Does anyone have a copy of Riddlebarger's "Man of Sin"? If so, what view of the Antichrist does he take?


----------



## SRoper (Jun 5, 2006)

I am about halfway through it, so maybe it is premature for me to post about it. His position is that there are many antichrists throughout history with Nero being the ultimate type for a future Antichrist (Revelation being written in the mid-90s). This future Antichrist will mimic Christ's miracles and resurrection. He makes the case for multiple fulfillment for many prophesies concerning the Antichrist. He contrasts his position (which he calls reformed amillennialism) with dispensationalism, preterism, and historicism.

[Edited on 5-Jun-2006 by SRoper]


----------



## Kaalvenist (Jun 5, 2006)

> _Originally posted by SRoper_
> He contrasts his position (which he calls reformed amillennialism) with...historicism.


I see. So because I'm Amil Historicist (like Calvin, Turretin, et al.), I'm not a "*Reformed* Amillennarian"?
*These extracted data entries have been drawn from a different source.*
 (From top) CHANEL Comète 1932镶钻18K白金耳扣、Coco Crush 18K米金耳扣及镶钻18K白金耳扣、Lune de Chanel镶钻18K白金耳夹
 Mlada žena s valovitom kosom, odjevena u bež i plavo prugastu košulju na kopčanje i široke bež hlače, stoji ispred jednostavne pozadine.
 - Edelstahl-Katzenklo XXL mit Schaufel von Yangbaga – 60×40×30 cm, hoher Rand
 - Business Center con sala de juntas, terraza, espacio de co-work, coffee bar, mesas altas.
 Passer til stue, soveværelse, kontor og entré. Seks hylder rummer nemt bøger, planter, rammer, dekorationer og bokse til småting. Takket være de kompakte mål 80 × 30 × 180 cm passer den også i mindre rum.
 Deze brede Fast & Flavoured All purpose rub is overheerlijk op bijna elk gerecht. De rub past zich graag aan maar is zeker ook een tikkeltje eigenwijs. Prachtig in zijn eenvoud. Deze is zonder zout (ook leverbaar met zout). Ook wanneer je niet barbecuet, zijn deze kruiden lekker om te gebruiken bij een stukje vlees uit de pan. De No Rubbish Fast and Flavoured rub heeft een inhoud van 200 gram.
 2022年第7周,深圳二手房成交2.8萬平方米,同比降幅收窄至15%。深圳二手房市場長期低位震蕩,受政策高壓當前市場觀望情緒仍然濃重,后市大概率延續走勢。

Sounds like an interesting book to get, if only to understand where he's coming from and interact with it.


----------



## ChristianTrader (Jun 5, 2006)

> _Originally posted by Kaalvenist_
> 
> 
> > _Originally posted by SRoper_
> ...



Quite a few would say that Calvin, Turretin, et. al were Post Mil Historicists, so I do not see a reason for you to get uppidy about not being a Reformed Amillennarian


----------



## SRoper (Jun 5, 2006)

Yeah I'm not sure why he chose that name. I think he might only use the term in his tables where he contrasts the positions. He makes it clear that about all the early reformers and the WCF were historicist.


----------



## Kaalvenist (Jun 5, 2006)

> _Originally posted by SRoper_
> Yeah I'm not sure why he chose that name. I think he might only use the term in his tables where he contrasts the positions. He makes it clear that about all the early reformers and the WCF were historicist.
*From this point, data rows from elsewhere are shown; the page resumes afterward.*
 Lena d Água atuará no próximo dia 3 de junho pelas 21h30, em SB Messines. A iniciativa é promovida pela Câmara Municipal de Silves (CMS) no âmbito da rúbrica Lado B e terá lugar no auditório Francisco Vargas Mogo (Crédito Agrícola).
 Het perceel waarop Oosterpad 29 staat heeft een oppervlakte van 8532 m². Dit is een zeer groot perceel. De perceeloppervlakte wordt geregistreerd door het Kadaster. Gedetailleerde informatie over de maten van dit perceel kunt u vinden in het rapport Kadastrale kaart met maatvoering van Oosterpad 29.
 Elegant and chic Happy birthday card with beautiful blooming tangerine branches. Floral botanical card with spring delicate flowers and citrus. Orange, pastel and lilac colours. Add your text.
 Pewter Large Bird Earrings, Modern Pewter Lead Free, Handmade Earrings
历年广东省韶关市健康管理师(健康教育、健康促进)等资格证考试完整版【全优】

Fair enough. As long as he acknowledges that Historicism has been the majority position of Protestantism (incl. Reformed Christians), I won't get too upset at his wild usurpation of titles.
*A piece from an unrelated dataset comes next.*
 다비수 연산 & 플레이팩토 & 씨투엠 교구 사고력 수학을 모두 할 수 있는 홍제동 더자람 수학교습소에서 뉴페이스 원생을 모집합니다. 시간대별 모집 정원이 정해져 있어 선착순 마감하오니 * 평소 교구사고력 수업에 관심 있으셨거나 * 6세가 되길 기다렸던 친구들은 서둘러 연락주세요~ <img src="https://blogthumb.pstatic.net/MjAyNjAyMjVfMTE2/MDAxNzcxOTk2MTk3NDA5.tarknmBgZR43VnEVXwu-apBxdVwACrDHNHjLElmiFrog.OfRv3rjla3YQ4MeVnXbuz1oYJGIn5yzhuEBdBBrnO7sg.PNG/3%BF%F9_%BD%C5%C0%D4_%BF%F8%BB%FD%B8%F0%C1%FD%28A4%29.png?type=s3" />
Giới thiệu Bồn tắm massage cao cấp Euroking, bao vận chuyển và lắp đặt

> _Originally posted by ChristianTrader_
> Quite a few would say that Calvin, Turretin, et. al were Post Mil Historicists, so I do not see a reason for you to get uppidy about not being a Reformed Amillennarian


Uppity? Who's uppity? :bigsmile:

Being Amil, I of course read my Amillennialism back into the great theologians... I admit that Calvin's millennial position has been debated a bit (and I'm not about to get into that one at the moment), but I think that if you'll examine Turretin's _Institutes,_ Locus 20, Question 3, he comes out against any kind of earthly millennium, contra Premils and Postmils alike.


----------